584 F.3d at 1180 n.4. If the information was not entirely in
the record, we would have reviewed the new evidence under
section 2254(e)(1). Id. (citing Taylor v. Maddox, 366 F.3d
992 (9th Cir. 2004) (explaining that a court first reviews
evidence before the state court under section 2254(d)(2) and
then moves on to apply the clear and convincing evidence
standard under section (e)(1) to evidence introduced for the
first time in habeas proceedings)). The important point, for
our purposes, is that refusing deference under subsection
(d)(1) was not an option that the court even considered.
Accordingly, Cook and Ali undermine Petitioners’ “no
deference” argument. As we recently explained, following
Cook, a “state court’s finding that the prosecutor did not
engage in purposeful discrimination is reviewed under the
deferential standard set forth in [section 2254(d)(2)].”
Jamerson v. Runnels, 713 F.3d 1218, 1224 & n.1 (9th Cir.
2013).
Miller-El and Kesser, on which Petitioners rely heavily,
only bolster our approach. In Miller-El, despite the state
courts’ failure to perform comparative juror analysis, the
Supreme Court granted the deference required under section
MCDANIELS V. KIRKLAND 11
2254(d)(2). 545 U.S. at 240. We followed the same course in
Kesser. 465 F.3d at 358.
Two cases Petitioners cite, Green and Boyd, do vary from
our chosen approach. However, both are distinguishable.

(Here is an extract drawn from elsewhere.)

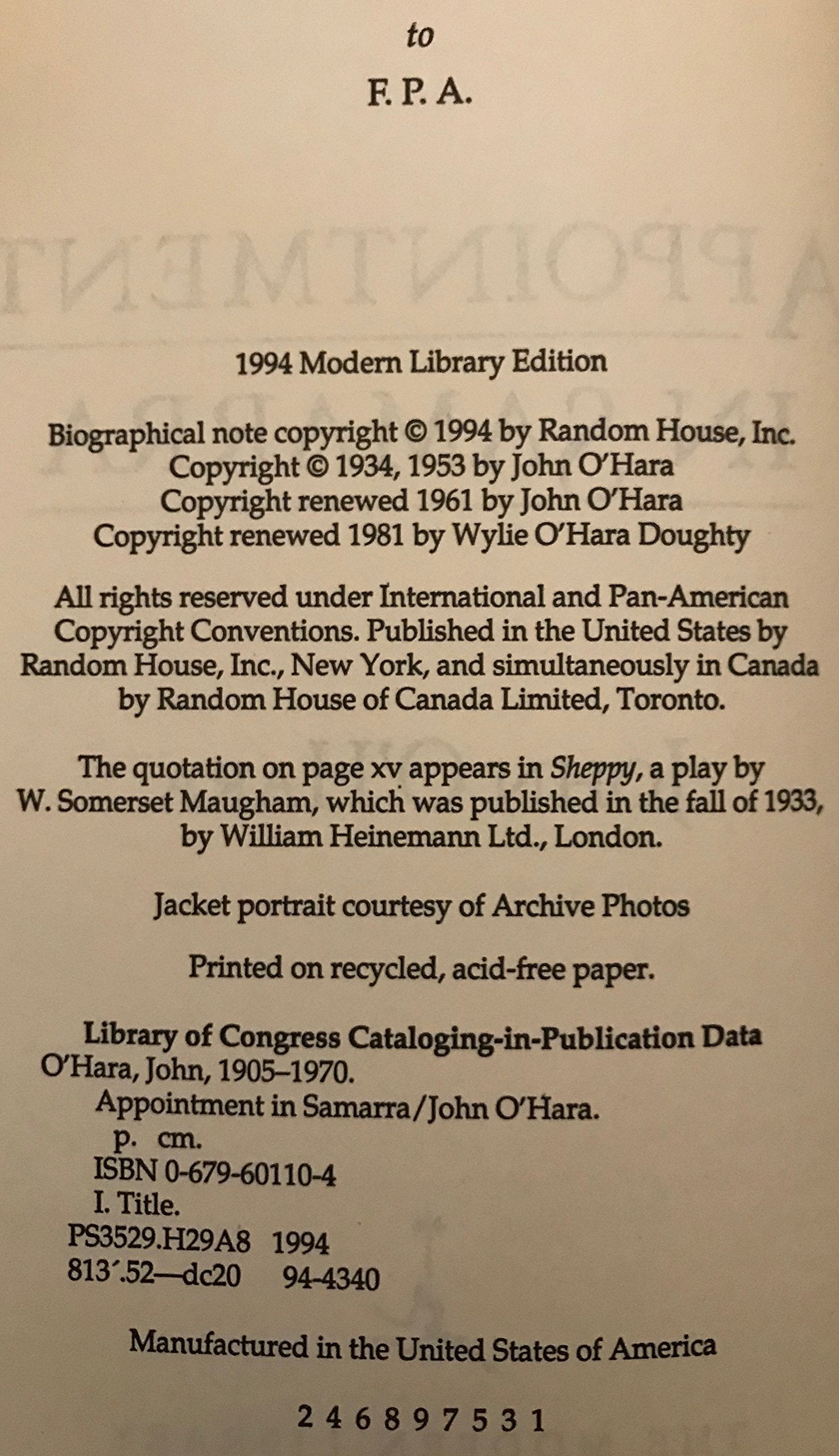 - Q: What is the publication date of this book? A: 'Appointment in Samarra' was published on May 17, 1994, as the first Modern Library Edition.
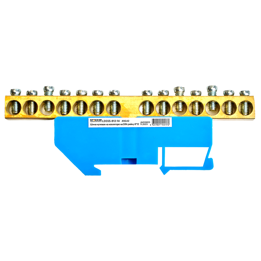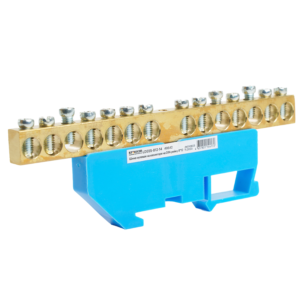 Шина"N" на изоляторе STEKKER 8*12 на DIN-рейку 14 выводов, синий, LD555-812-14

In Green v. LaMarque, we criticized the state courts for
failing to “undertake a sensitive inquiry into such
circumstantial and direct evidence of intent as may be
available, including a comparative analysis of similarly
situated jurors, as required by clearly established Supreme
Court law at the time of the trial.” 532 F.3d 1028, 1030 (9th
Cir. 2008) (internal quotation marks and citation omitted).

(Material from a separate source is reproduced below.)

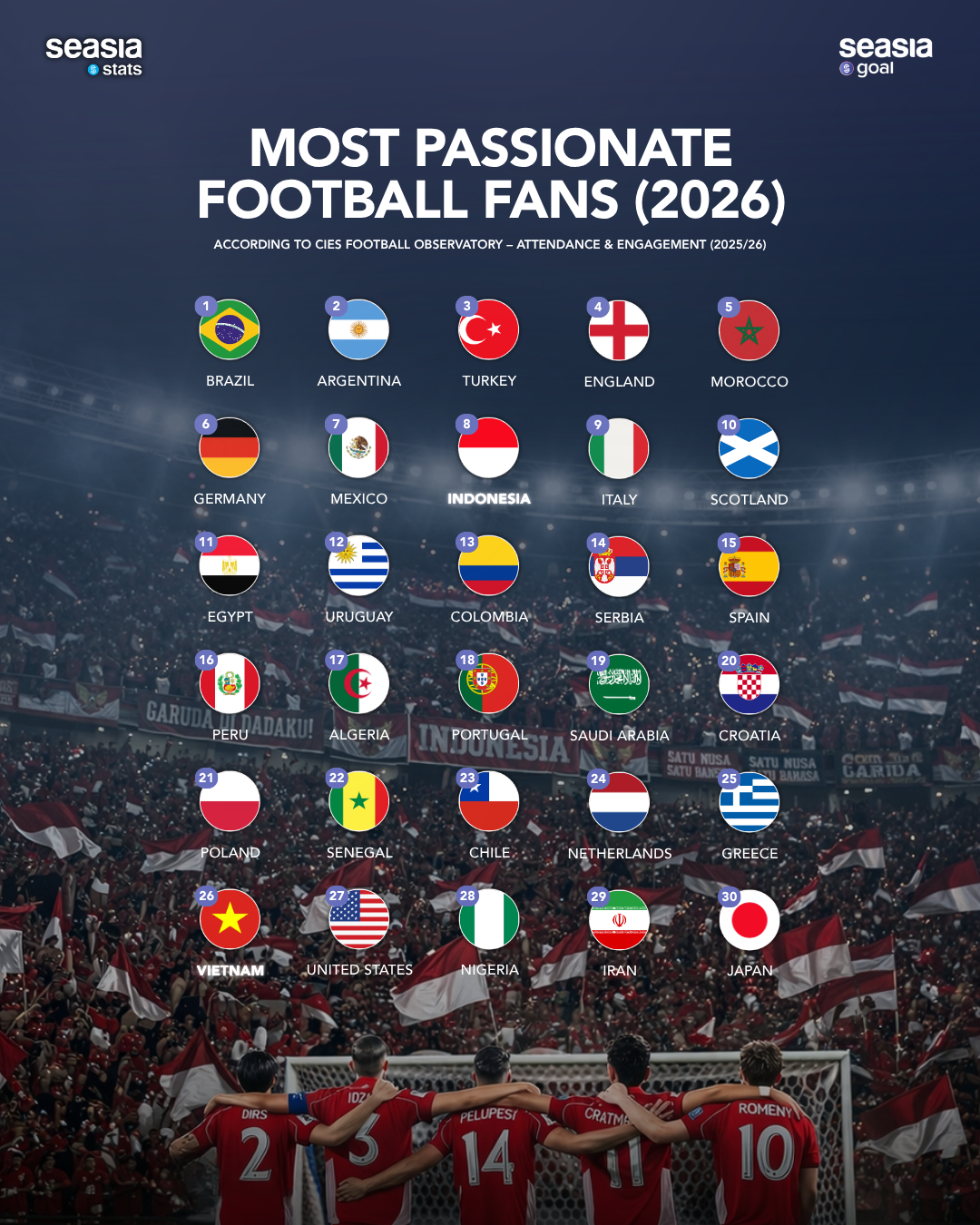 According to the latest report from CIES Football Observatory, which released its Attendance & Engagement Report (2025/26), the list of the 30 most passionate football nations in the world is dominated by familiar giants.

We further stated that we would review do novo whether the
prosecutor’s reasons were race neutral. Id. at 1031. However,
our de novo analysis was not based solely on the state court’s
failure to perform comparative analysis, but rather on our
broader conclusion that the courts had simply failed “to reach
step three in the Batson analysis.” Id. Green therefore does
not require us to forego deference based only a failure to
perform comparative juror analysis. If it did, it would be in
direct conflict with Cook. Indeed, as we have recently
explained, following both Green and Cook, even if the “state
court declined to perform” a comparative juror analysis,
“AEDPA deference still applies, and the state court decision
cannot be upset unless it was based upon an ‘unreasonable
determination of the facts.’” Jamerson, 713 F.3d at 1225
(citing Cook, 593 F.3d at 816 & n.2, and Green, 532 F.3d at
1031).
In Boyd, petitioner moved to supplement the record on
appeal to include the entire voir dire transcript and requested
a copy of the full transcript to assist in his development of his
Batson argument. The CCA denied part of his request:
12 MCDANIELS V. KIRKLAND
Petitioner filed three requests to supplement
the record to include the entire voir dire
transcript. The California Court of Appeal
granted Petitioner’s requests in part and
required that he be provided the voir dire of
the excused African-American juror plus his
counsel’s argument under Batson. But the
court of appeal denied Petitioner’s requests
for the entire voir dire transcript because it
concluded that he did not comply with a
California local rule that requires a defendant
to establish with some certainty how the
requested materials may be useful on appeal.
467 F.3d at 1142–43 (internal quotation marks omitted).
Petitioner was therefore never actually provided with a full
voir dire transcript. Because comparative juror review is
important in Batson analysis and the petitioner was actively
seeking to develop a comparative argument, we held that the
state court had unreasonably applied Supreme Court law by
refusing to allow the petitioner to have a copy of the
transcript, thereby preventing comparative juror analysis. Id.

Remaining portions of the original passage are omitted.